Journaling as a mainstay

(A letter style entry about Covid 19- heads up so you can choose whethere you’re in the headspace to read this now or wish to return later)

Hello lovely,

How are you? Thanks for coming back and reading another one of these. I’m happy to have you here with me. I want today’s blogpost to read like a letter. I hope you enjoy the change in format.

The not so new news is Coronavirus. Global pandemic, lockdown, and quarantine are some of the keywords of the current times. A huge element of being instructed to stay indoors is challenging for me. Obviously as someone who has been sectioned (almost a decade ago now) it is not surprising that this feels very close to the skin. Autonomy is something of a theme that keeps on cropping up this year.

I don’t this is limited to me and my experiences though. I believe that it’s an entirely human feeling, to instinctively recoil at a command that seeks to keep you confined. Isn’t prison seens as a crime and punishment system? It’s punishing because your freedom of movement is voided. (We’ll talk another day about how prison also seems to void human rights, and the whole rehabilitation issue. I have huge feelings around institutionising humans.)

I find myself deeply concerned about the long term implications of our current conditions.

Today the Govt spokepeoples were talking about secondary deaths due to Cv19 they talked about comorbidity. They talked about “BAME” ( slowly coming to really dislike that term) covid rates. I waited with baited breath for them to talk about class, race, poverty how these things intersect with people’s likelihood to contract the illness, how they correlate with how likely they are offered treatment/testing or not believed and sent off …. of course this was not mentioned. Of course not.

Though “the pandemic” has all but painted bold the social inequalities that are built into the very fabric of many of our societies, by many it still goes unseen, unspoken about, and out of awareness.

There’s been such loss and grief.

Numerous people, souls who laughed, thought, felt, loved, were lights, complicated, joyous, passionate, have departed this life.

My Lord grant solace to all those grieving, and soothe them in their experience of loss, of breaking, and hurting.

It’s now more than ever that we realise the value of community perhaps. It feels like another thing that’s been painted bold. This spiritual human interconnectedness. This is a light, and I have hopes that this reconnection to our sense of collective purpose strengthens throughout and beyond this time.
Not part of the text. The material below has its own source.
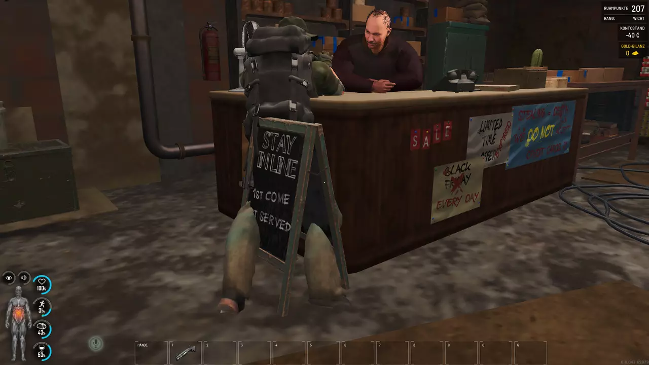 Feststecken an der Theke des "All Goods" Ladens bei Z3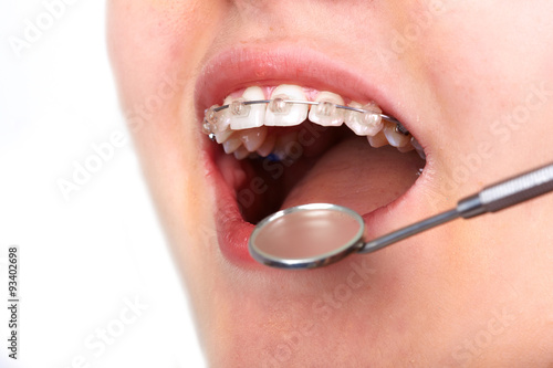© grinny, Naklejka premium Zęby z zamkami ortodontycznymi.

There’s been a whole host of different experiences I guess, and it’s just, I think societies are bound to change in many unimaginable ways on the other side of this. Im hoping to be a part of the effort to make sure this is a “for the better” outcome than a “for the worse” type of thing. Tie your camel, and leave the rest to Him.

So having put things into context of course there’s a lot of feelings and emotions coming up, some mine, some the feelings of others that i feel so easily atuned to (hello, extraverted feeling). My current experience is that it’s taking even more energy than usual to maintain boundaries in that respect.

Hence I’m grateful to have journalling, as a great resource to sift through feelings, identify mine, sort them out from other people’s emotions, and then even looking into projections.

One of my new journaling experiences recently has been getting really relaxed in my body before hand, sort of floating along my mind’s currents and then feeling deeply into any emotion/memory that comes up. After that i breathe deeply, then stretch, and then turn to my journal.

There’s so much stuff coming up. Isn’t that always the case, that the more work you do, the more work there seems to be that needs doing. Such is the joy and sorrow of life.

Anyway that’s it, I just wanted to check in. And express things on here. This is history in the living, and I want to remember it exactly as it was lived for me, not however it might be reworked to fit objectives and poli-socio-economic narratives in the time after.